Proposition de communication individuelle isolée

Les propositions de communication doivent obligatoirement comporter une dimension de recherche. Les types de recherche acceptés sont notamment les recherches de terrain ou expérimentales, les synthèses de littérature, les analyses de pratiques, les évaluations d'outils.

Il est demandé aux auteurs de respecter les consignes suivantes :

  • Titre de la communication.
  • Résumé de la communication (4.000 à 5.000 signes, espaces compris), présentant  le cadre de la recherche (objectif, théorie, contextualisation, question de recherche), la méthodologie, les résultats (éventuellement attendus).
  • Regard réflexif sur la question de recherche en sélectionnant l'une des interrogations évoquées dans le thème transversal du congrès. Enoncer le type d'interrogation qui sera traitée dans le cadre de la communication (100 à 500 signes).
  • Trois références bibliographiques au minimum (normes APA) à inclure après le résumé (non comptées comme signes). Pour préserver l’anonymat, la bibliographie ne doit comporter aucun texte signé ou co-signé par l’un des auteurs.
  • Champs thématiques (à choisir dans un menu déroulant).
  • Mots-clés pour faciliter l’attribution de la proposition à des experts du champ et établir un lien avec l’actualité de la recherche en éducation et en formation au niveau national ou international.

Critères d'évaluation

Outre le respect des consignes ci-dessus, la présence d’un corpus (de données empiriques ou non) recueilli, traité et analysé en fonction d’une problématique explicite est également retenue comme un critère d’évaluation.

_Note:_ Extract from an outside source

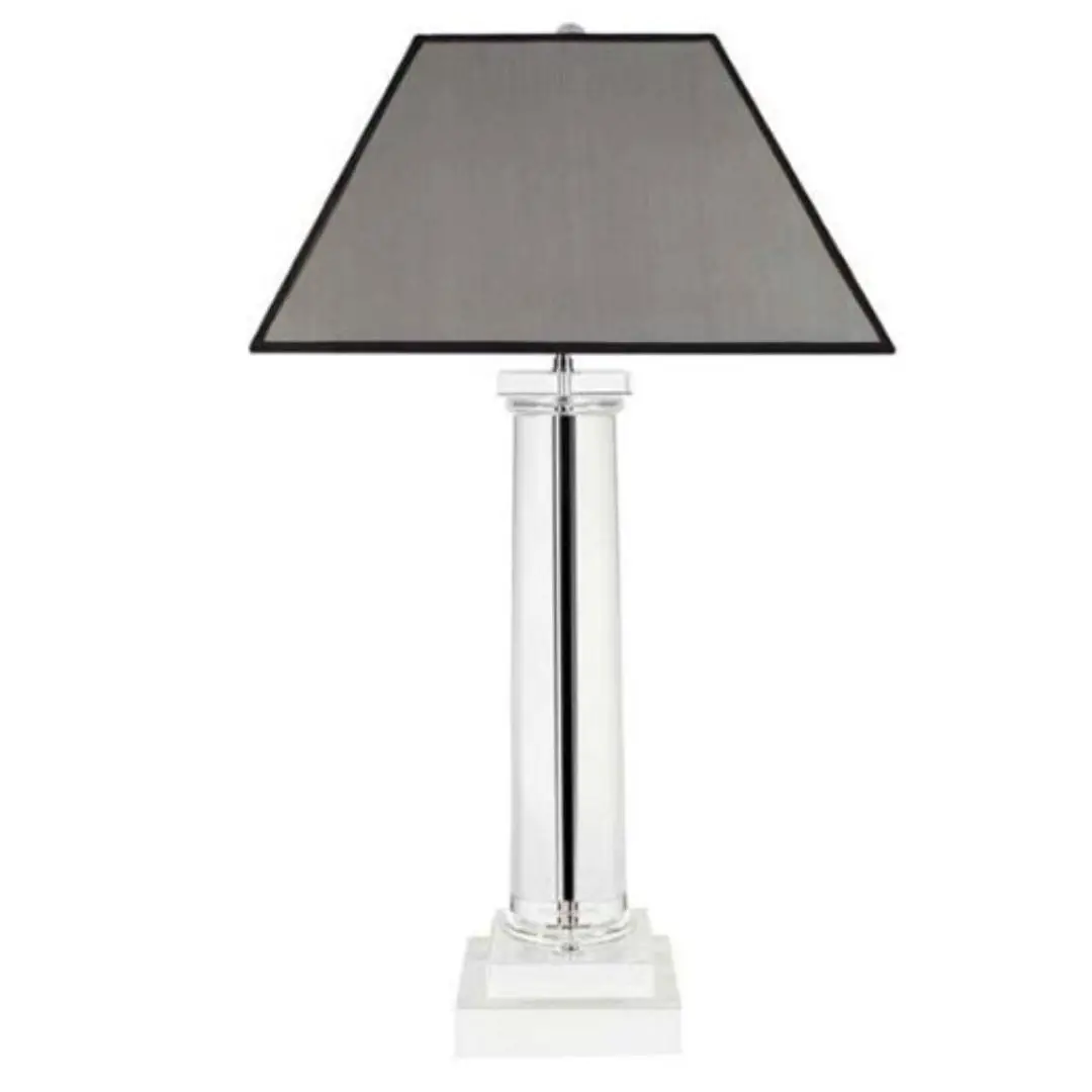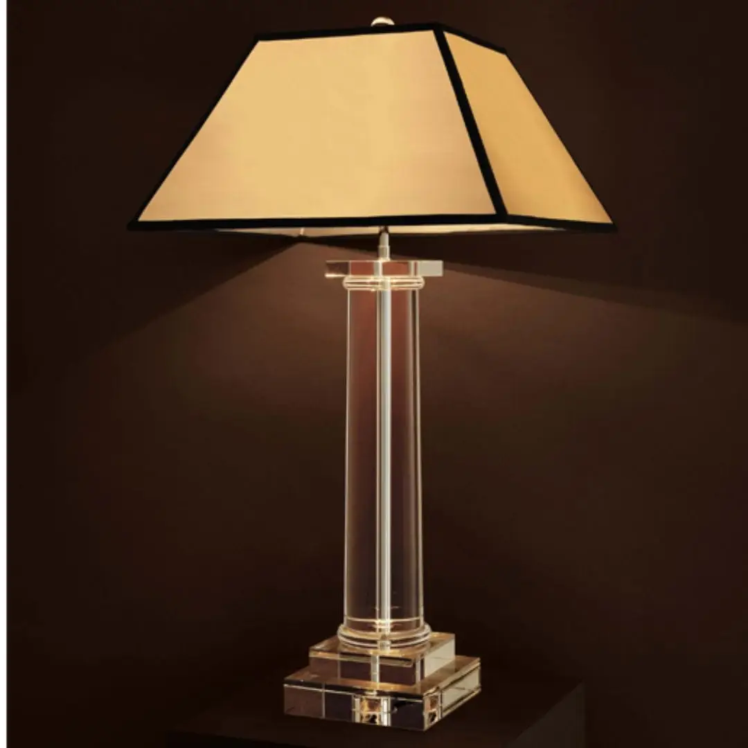 Modern rectangular table lamp with black shade and baseElegant living room with textured walls and modern decor

Les symposiums comptent 3, 5, 7 ou 10 communications avec, dans le premier cas, une plage de 30' et, dans le second cas, une plage de 60' consacrées au thème transversal. Pour leur évaluation, la cohérence du programme sera aussi prise en compte. Pas plus de deux communications de chercheur-e-s issus d'un même centre de recherche.

Les symposiums sont évalués globalement. Mais les évaluateurs/trices peuvent ne pas valider certaines communications au sein d'un symposium.

Une communication compte au maximum 4 auteurs. Un maximum de 2 communications en tant que premier auteur sera accepté.

La communication ne sera inscrite au programme que si au moins un-e des auteur-e-s est inscrit au congrès et a effectué le paiement.

Procédure d'évaluation

Toutes les soumissions doivent être faites sur le site http://www.aref2016.be. Les formulaires de soumission seront disponibles à partir du 1er septembre.

Après une inscription en ligne, vous recevrez un identifiant et un mot de passe et pourrez ensuite soumettre votre proposition.

Deux échéances de soumission sont fixées :

  • 15 novembre  avec réponse pour le 1er février.
  • 10 janvier 31 janvier avec réponse pour le  15 mars 

Toutes les propositions soumises seront expertisées en double aveugle. Les réponses seront consultables sur le site.

Pour toute autre information, se référer au site du colloque.